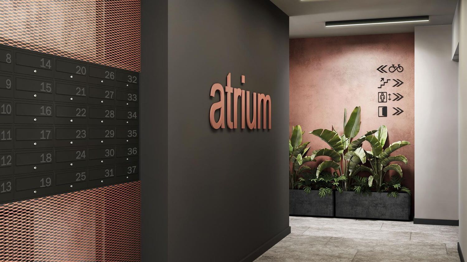 Das Gebäude umfasst sich über acht oberirdische Etagen sowie zwei Tiefgaragengeschosse. Die Grundrisse sind bewusst flexibel gestaltet und reichen von kompakten Einzimmerwohnungen bis zu großzügigen Vierzimmerwohnungen.
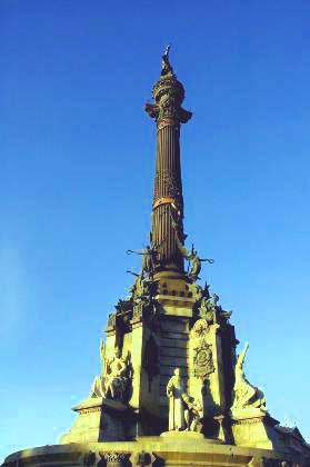 为纪念哥伦布发现美洲400周年,巴塞罗那当局决定为哥伦布树立一个纪念碑。1888年万国博览会期间,哥伦布了望塔正式落成。这座巍峨的圆柱形纪念碑全部用赭红色大理石建成,塔身高达60米,上有“光荣属于哥伦布”、“向哥伦布致敬”两行大字。 环绕柱体中部雕有五个凌空飞舞的女神,底座四周雕有八只巨大的黑狮,还有记载哥伦布航海事迹的碑文和当时资助他远征的国王费迪南德和王后的雕塑。圆柱顶端的哥伦布全身立像由蒙杰伊克城堡前的大炮熔化后铸铁制成,是世界上最大的哥伦布塑像,呈现出哥伦布凝神远望、右臂指向前方海洋的姿态。了望塔位置的选择也很有意义,这里是兰布拉大街的终点,也是游览港口区的起点,象征着市中心和海港的相连。1992年,巴塞罗那概念派艺术家安东尼出了一个疯狂的点子,给它在大洋彼岸找了一个伴儿——美国的自由女神像。不惧高的游客可以乘内部电梯登上顶端的位于塑像脚下的了望台,观赏港区、蒙杰伊克山和整个城市的全貌。 |
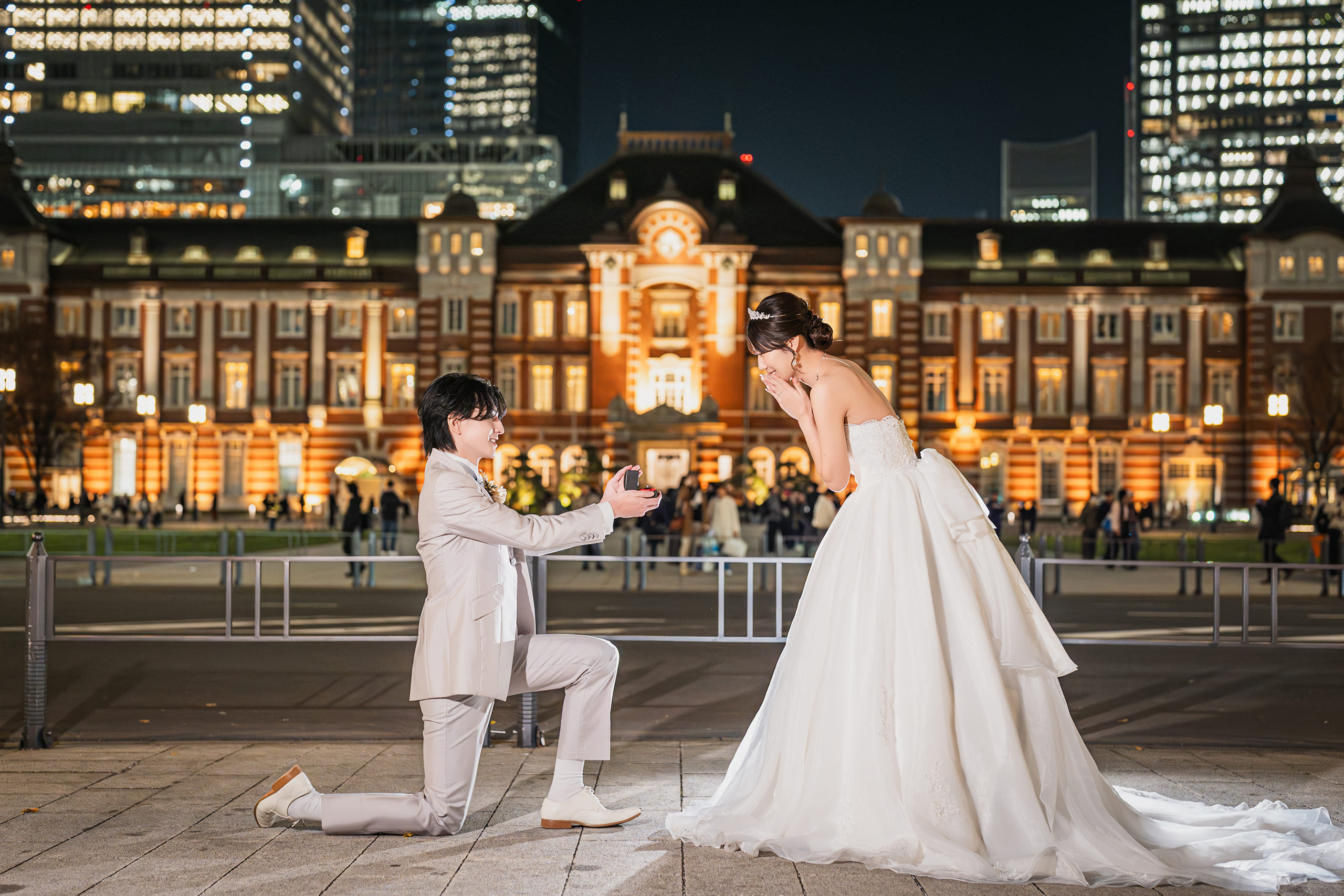 洋装でのスタジオ撮影と東京駅でのロケーション撮影の両方ができるプランを探していたところ、こちらのスタジオを見つけました。他社と比較した中でも価格が良心的だったことが大きな決め手です。また、契約前に事前の打ち合わせがあり、撮影内容や流れについて丁寧に説明していただけたため、イメージのズレがなく安心して申し込むことができました。 仕上がった写真はとても綺麗で、全体的に満足しています。事前に「撮ってほしい構図」やイメージをお伝えしていたのですが、希望していたカットをしっかり撮影していただけて嬉しかったです。美肌加工も不自然さがなく、自然に綺麗に見える仕上がりだった点も良かったと思います。 撮影当日はスタッフの皆さんが終始丁寧に対応してくださり、質問にも分かりやすく答えていただけたので安心して撮影に臨むことができました。おかげで落ち着いた気持ちで撮影を楽しむことができ、良い思い出になりました。 一点だけ気になった点としては、写真の納品前に公式Instagramに撮影写真が掲載されていたことです。できれば事前にその旨を教えていただくか、先に写真を納品していただけるとより良かったと感じました。 価格については、スタジオ撮影と東京駅でのロケーション撮影、さらに衣装レンタルやヘアメイクまで含まれてこの料金であれば、とても満足度が高いと感じました。オプションも必要なものだけを追加できる仕組みだったので、自分たちに合った内容で費用を調整できる点も良かったです。 全体として、内容・仕上がり・価格のバランスが良く、満足度の高い前撮りになりました。素敵な写真を残すことができて嬉しく思っています。
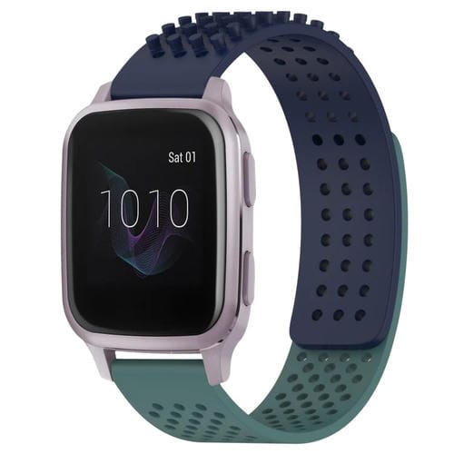 Correa de Silicona para Garmin Venu Sq con Puntos 3D Transpirables y Orificios 20mm (Azul Medianoche + Verde Oliva)
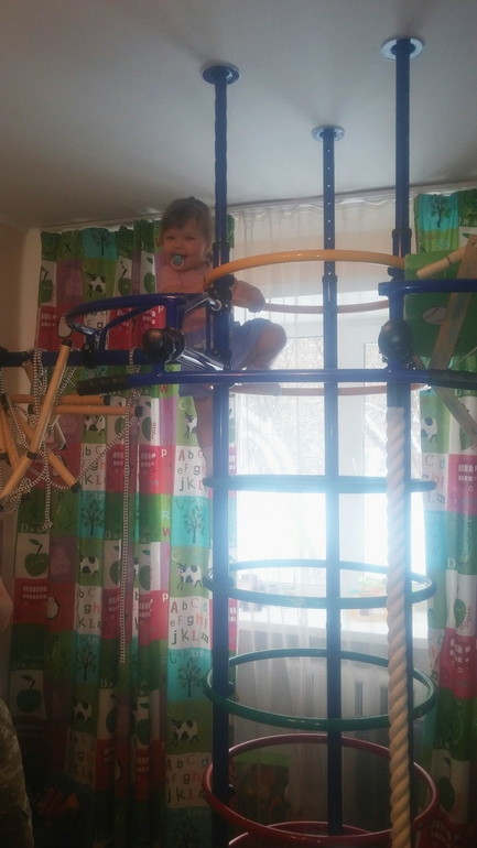 Доча ползает, встаёт и ходит вдоль опоры. Мечтает прыгать и делает попытки. Очень нравится ей смотреть, как братишка на батуте прыгает.

━━━

*WORK INSTRUCTION:* Set down all of the material above exactly as written, leaving the pictures out.

*SOLUTION TO THIS EXERCISE:*
 Das Gebäude umfasst sich über acht oberirdische Etagen sowie zwei Tiefgaragengeschosse. Die Grundrisse sind bewusst flexibel gestaltet und reichen von kompakten Einzimmerwohnungen bis zu großzügigen Vierzimmerwohnungen.
 为纪念哥伦布发现美洲400周年,巴塞罗那当局决定为哥伦布树立一个纪念碑。1888年万国博览会期间,哥伦布了望塔正式落成。这座巍峨的圆柱形纪念碑全部用赭红色大理石建成,塔身高达60米,上有“光荣属于哥伦布”、“向哥伦布致敬”两行大字。 环绕柱体中部雕有五个凌空飞舞的女神,底座四周雕有八只巨大的黑狮,还有记载哥伦布航海事迹的碑文和当时资助他远征的国王费迪南德和王后的雕塑。圆柱顶端的哥伦布全身立像由蒙杰伊克城堡前的大炮熔化后铸铁制成,是世界上最大的哥伦布塑像,呈现出哥伦布凝神远望、右臂指向前方海洋的姿态。了望塔位置的选择也很有意义,这里是兰布拉大街的终点,也是游览港口区的起点,象征着市中心和海港的相连。1992年,巴塞罗那概念派艺术家安东尼出了一个疯狂的点子,给它在大洋彼岸找了一个伴儿——美国的自由女神像。不惧高的游客可以乘内部电梯登上顶端的位于塑像脚下的了望台,观赏港区、蒙杰伊克山和整个城市的全貌。 |
 洋装でのスタジオ撮影と東京駅でのロケーション撮影の両方ができるプランを探していたところ、こちらのスタジオを見つけました。他社と比較した中でも価格が良心的だったことが大きな決め手です。また、契約前に事前の打ち合わせがあり、撮影内容や流れについて丁寧に説明していただけたため、イメージのズレがなく安心して申し込むことができました。 仕上がった写真はとても綺麗で、全体的に満足しています。事前に「撮ってほしい構図」やイメージをお伝えしていたのですが、希望していたカットをしっかり撮影していただけて嬉しかったです。美肌加工も不自然さがなく、自然に綺麗に見える仕上がりだった点も良かったと思います。 撮影当日はスタッフの皆さんが終始丁寧に対応してくださり、質問にも分かりやすく答えていただけたので安心して撮影に臨むことができました。おかげで落ち着いた気持ちで撮影を楽しむことができ、良い思い出になりました。 一点だけ気になった点としては、写真の納品前に公式Instagramに撮影写真が掲載されていたことです。できれば事前にその旨を教えていただくか、先に写真を納品していただけるとより良かったと感じました。 価格については、スタジオ撮影と東京駅でのロケーション撮影、さらに衣装レンタルやヘアメイクまで含まれてこの料金であれば、とても満足度が高いと感じました。オプションも必要なものだけを追加できる仕組みだったので、自分たちに合った内容で費用を調整できる点も良かったです。 全体として、内容・仕上がり・価格のバランスが良く、満足度の高い前撮りになりました。素敵な写真を残すことができて嬉しく思っています。
 Correa de Silicona para Garmin Venu Sq con Puntos 3D Transpirables y Orificios 20mm (Azul Medianoche + Verde Oliva)
 Доча ползает, встаёт и ходит вдоль опоры. Мечтает прыгать и делает попытки. Очень нравится ей смотреть, как братишка на батуте прыгает.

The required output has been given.